A. positive judgment method
It is basically the same as the positive judgment value method in indirect method and sandwich method, except that the positive control A value is introduced into the calculation formula. Now take the kit for detecting anti-HBc as an example. The negative control in the kit is recalcified human plasma without anti -HBc, and the anti -HBc content in the positive control is 125 100u/ml. There are 2 positive controls and 3 negative controls in each experiment. After measuring the A value, first calculate the average value of the negative control A value (NC X) and the average value of the positive control A value (PCX), and the difference (N-P) between the two averages must be greater than a specific value (for example, 0.300) before the test is effective. The a values of the three negative controls should be less than 2.000, and should be ≥0.5×NCX and ≤ 1.5×NCX. If one of them is out of this range, it should be discarded and × ncx should be recalculated with the other two negative controls. If there are two negative controls A beyond the above range, the experiment is invalid. Calculate the positive judgment value according to the following formula:
Negative judgment value =0.4×NCX+0.6×PCX
The reaction of a value ≤ positive judgment value is positive, and the reaction of a > positive judgment value is negative.
B. inhibition rate method
The inhibition rate indicates the degree of inhibition of negative reaction color development in competitive binding, which is calculated as follows:
Inhibition rate (%) = (negative control A value-specimen A value) × 100%/ negative control A value.

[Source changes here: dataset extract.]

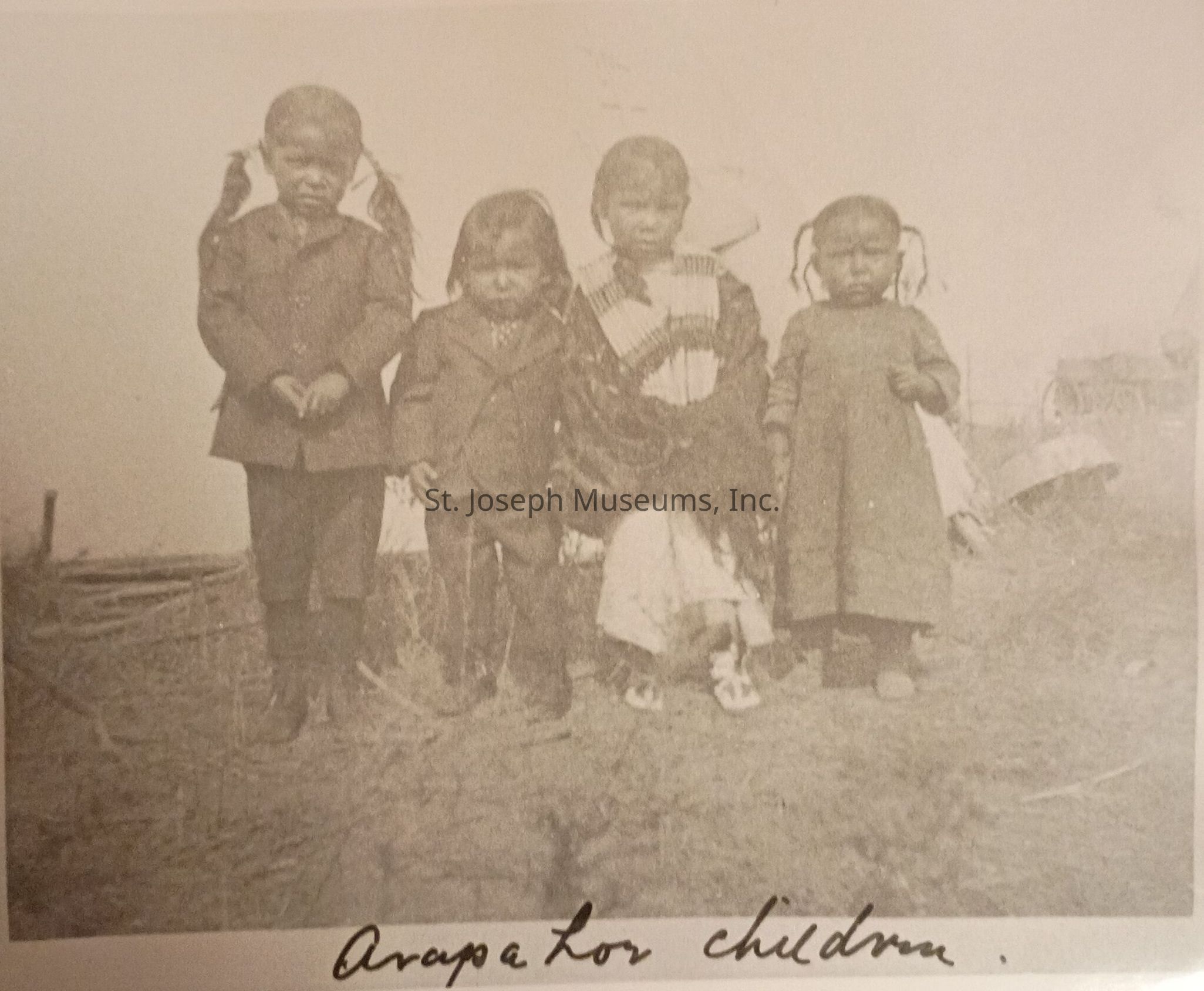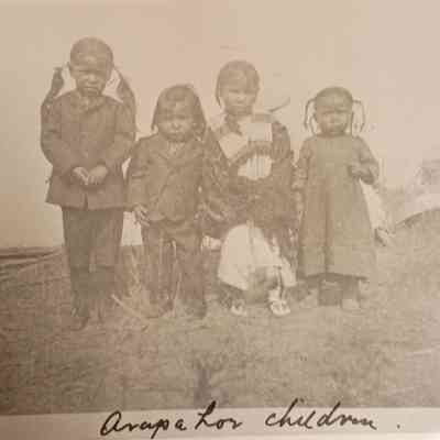 Black and white photograph of four Arapahoe children Part of Mett Shippee Album of Indian Photos

Generally speaking, inhibition rate ≥50% is positive and < 50% is negative.
quantitative determination
The operation steps of ELSIA are complicated, and there are many factors that affect the reaction, especially the coating of solid carrier is difficult to achieve the consistency among individuals. Therefore, in quantitative determination, a series of reference standards with different concentrations must be used in each batch of experiments to make standard curves under the same conditions. Sandwich ELISA for the determination of high molecular weight substances generally has a wide standard curve range, and the absorbance at the highest point of the curve can be close to 2.0. Semi-logarithmic paper is often used in drawing, and the concentration of the measured substance is taken as the abscissa and the absorbance as the ordinate to connect the concentration values point by point. The obtained curve is generally S-shaped, and its head and tail curves tend to be flat, and the straight line in the middle is the most ideal detection area.
Competition method is often used to determine small molecular weight substances, and the absorbance in its standard curve is negatively correlated with the concentration of the substances to be measured. Due to the different models used in the kit, the shape of the standard curve is slightly different.